In the records below, find the line that contains "Selain itu, personel" and the line that contains "The eBOL module"; write out exactly those two lines and everything between them, without the pictures.

Data excerpts below:

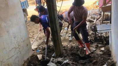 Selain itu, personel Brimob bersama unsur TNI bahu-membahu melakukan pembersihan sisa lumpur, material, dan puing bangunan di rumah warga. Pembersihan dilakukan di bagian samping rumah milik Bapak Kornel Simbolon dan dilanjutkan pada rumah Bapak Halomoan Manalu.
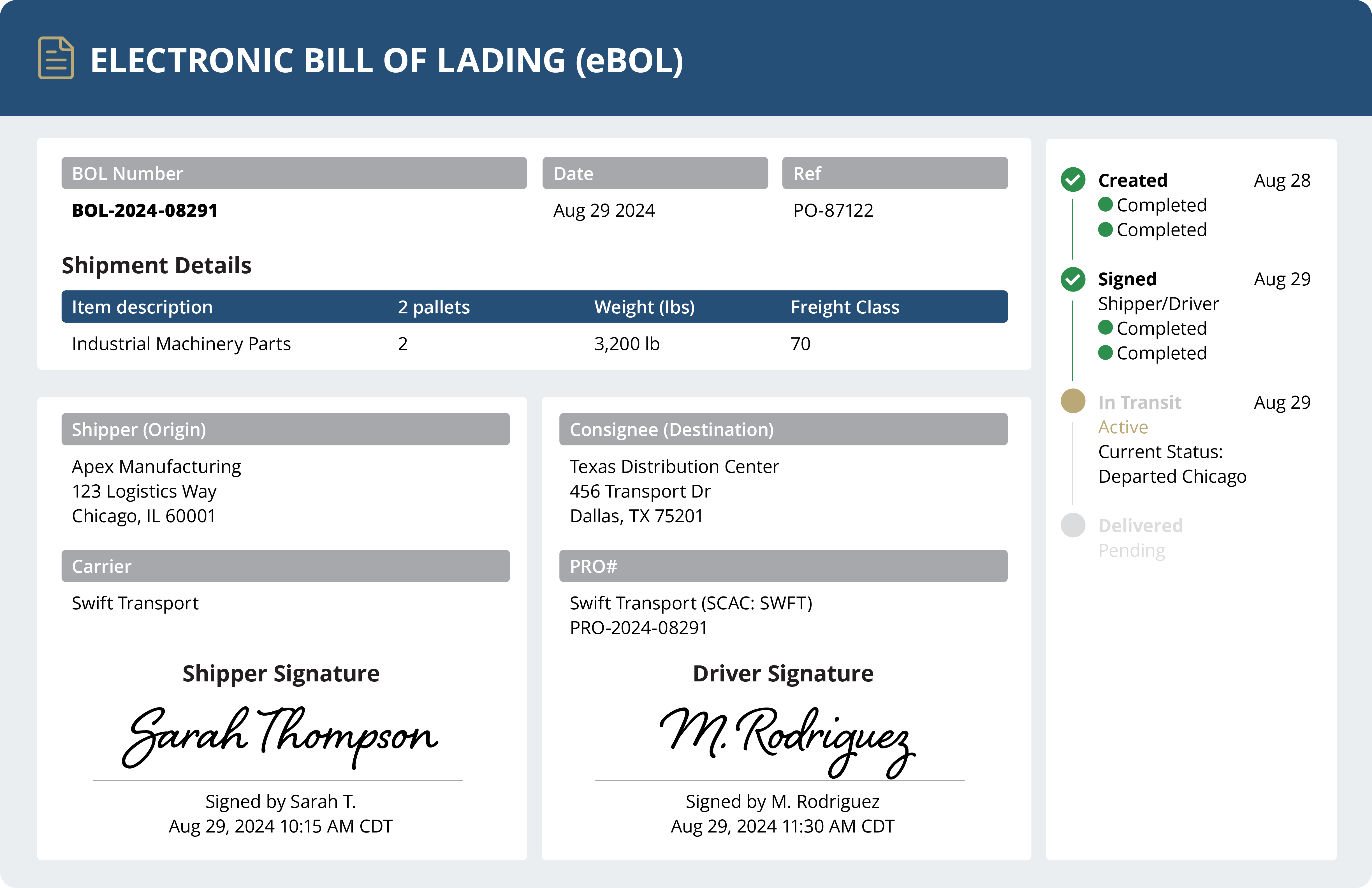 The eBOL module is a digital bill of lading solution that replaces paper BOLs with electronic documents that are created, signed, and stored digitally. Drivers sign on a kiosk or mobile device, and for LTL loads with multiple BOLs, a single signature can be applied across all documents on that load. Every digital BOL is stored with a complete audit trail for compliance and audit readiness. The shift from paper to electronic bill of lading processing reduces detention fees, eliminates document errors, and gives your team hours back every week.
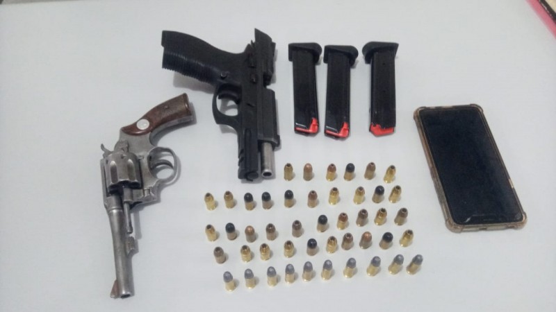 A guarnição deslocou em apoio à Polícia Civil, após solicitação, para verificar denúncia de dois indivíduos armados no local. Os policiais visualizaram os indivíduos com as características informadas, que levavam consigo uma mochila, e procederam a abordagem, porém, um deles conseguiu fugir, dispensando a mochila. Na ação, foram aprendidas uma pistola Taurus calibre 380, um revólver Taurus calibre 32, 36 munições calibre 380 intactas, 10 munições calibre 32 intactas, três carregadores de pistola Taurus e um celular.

End of Data excerpts.
Data excerpts below:

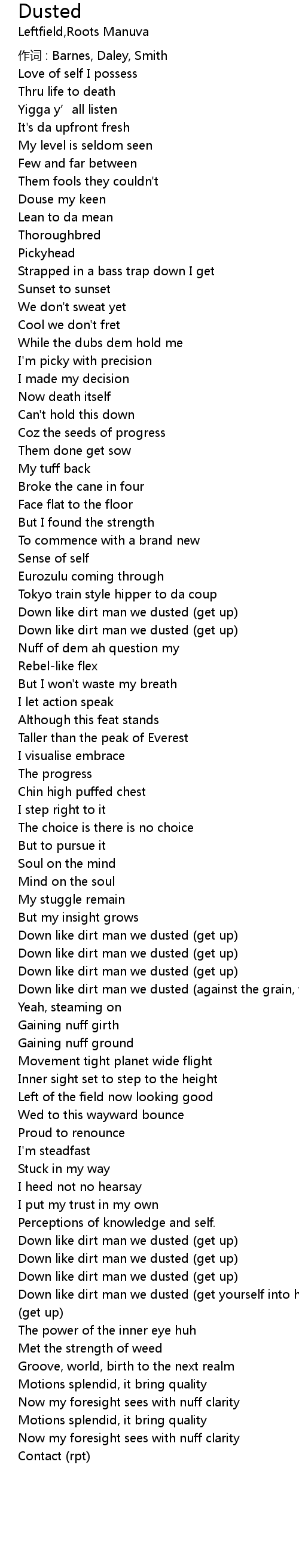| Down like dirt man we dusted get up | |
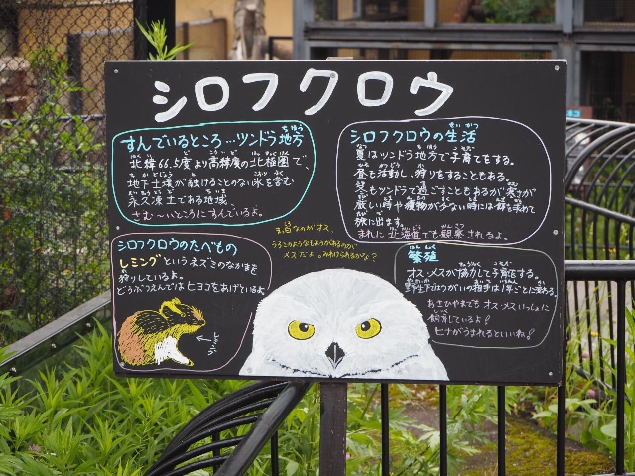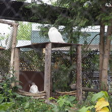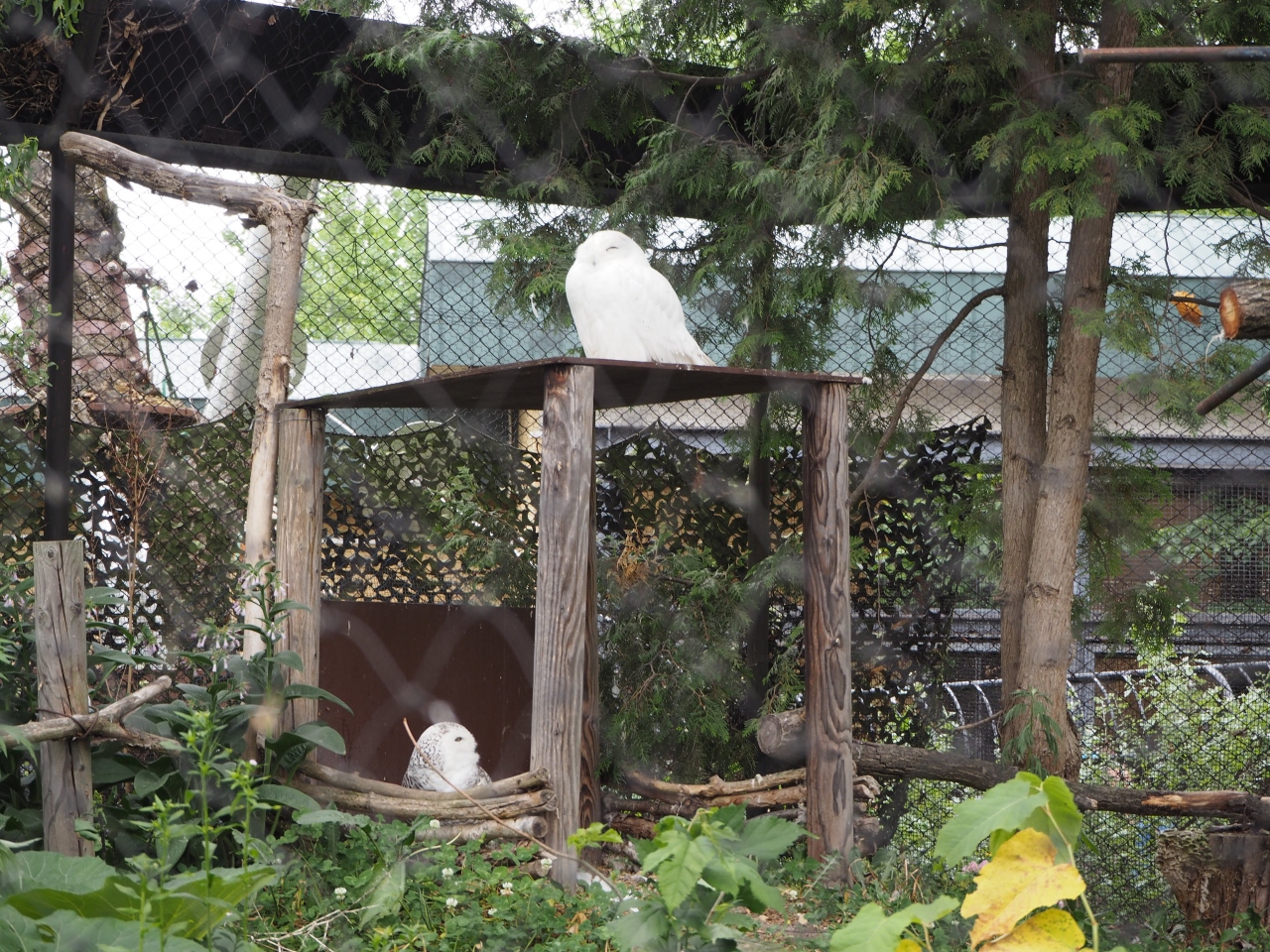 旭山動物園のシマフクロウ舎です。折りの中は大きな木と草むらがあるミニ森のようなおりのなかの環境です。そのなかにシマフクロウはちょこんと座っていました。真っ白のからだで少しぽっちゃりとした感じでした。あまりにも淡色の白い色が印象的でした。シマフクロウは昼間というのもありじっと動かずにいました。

End of Data excerpts.
Data excerpts below:

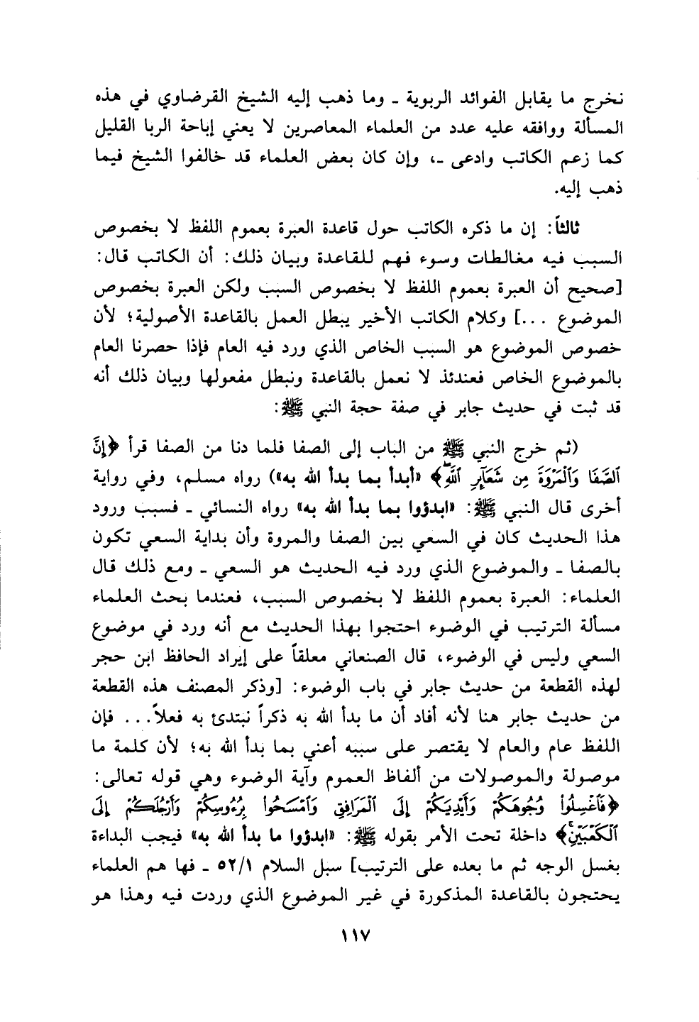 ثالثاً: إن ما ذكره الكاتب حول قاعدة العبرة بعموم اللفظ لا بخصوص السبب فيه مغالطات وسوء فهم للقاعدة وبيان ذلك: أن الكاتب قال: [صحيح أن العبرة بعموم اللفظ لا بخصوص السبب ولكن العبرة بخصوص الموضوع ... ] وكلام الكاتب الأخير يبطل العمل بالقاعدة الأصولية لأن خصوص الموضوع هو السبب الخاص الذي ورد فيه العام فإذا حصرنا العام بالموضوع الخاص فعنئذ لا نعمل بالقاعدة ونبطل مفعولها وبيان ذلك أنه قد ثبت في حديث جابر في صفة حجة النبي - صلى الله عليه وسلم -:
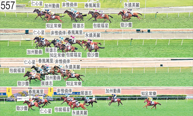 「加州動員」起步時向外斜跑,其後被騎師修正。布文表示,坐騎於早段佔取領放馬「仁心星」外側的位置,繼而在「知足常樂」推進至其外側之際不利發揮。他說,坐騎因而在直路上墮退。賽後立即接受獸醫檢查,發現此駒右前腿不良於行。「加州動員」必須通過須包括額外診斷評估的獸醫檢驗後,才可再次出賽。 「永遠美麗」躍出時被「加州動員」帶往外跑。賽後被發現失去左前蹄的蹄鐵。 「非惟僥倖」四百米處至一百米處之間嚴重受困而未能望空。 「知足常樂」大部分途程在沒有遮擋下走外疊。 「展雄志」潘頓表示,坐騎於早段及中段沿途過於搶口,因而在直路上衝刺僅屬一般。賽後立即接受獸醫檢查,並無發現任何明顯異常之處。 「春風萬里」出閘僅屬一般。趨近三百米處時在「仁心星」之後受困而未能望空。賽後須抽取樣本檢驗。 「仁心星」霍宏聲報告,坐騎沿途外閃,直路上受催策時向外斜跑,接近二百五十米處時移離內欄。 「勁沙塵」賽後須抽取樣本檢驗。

End of Data excerpts.

→ **Task output**:
 Selain itu, personel Brimob bersama unsur TNI bahu-membahu melakukan pembersihan sisa lumpur, material, dan puing bangunan di rumah warga. Pembersihan dilakukan di bagian samping rumah milik Bapak Kornel Simbolon dan dilanjutkan pada rumah Bapak Halomoan Manalu.
 The eBOL module is a digital bill of lading solution that replaces paper BOLs with electronic documents that are created, signed, and stored digitally. Drivers sign on a kiosk or mobile device, and for LTL loads with multiple BOLs, a single signature can be applied across all documents on that load. Every digital BOL is stored with a complete audit trail for compliance and audit readiness. The shift from paper to electronic bill of lading processing reduces detention fees, eliminates document errors, and gives your team hours back every week.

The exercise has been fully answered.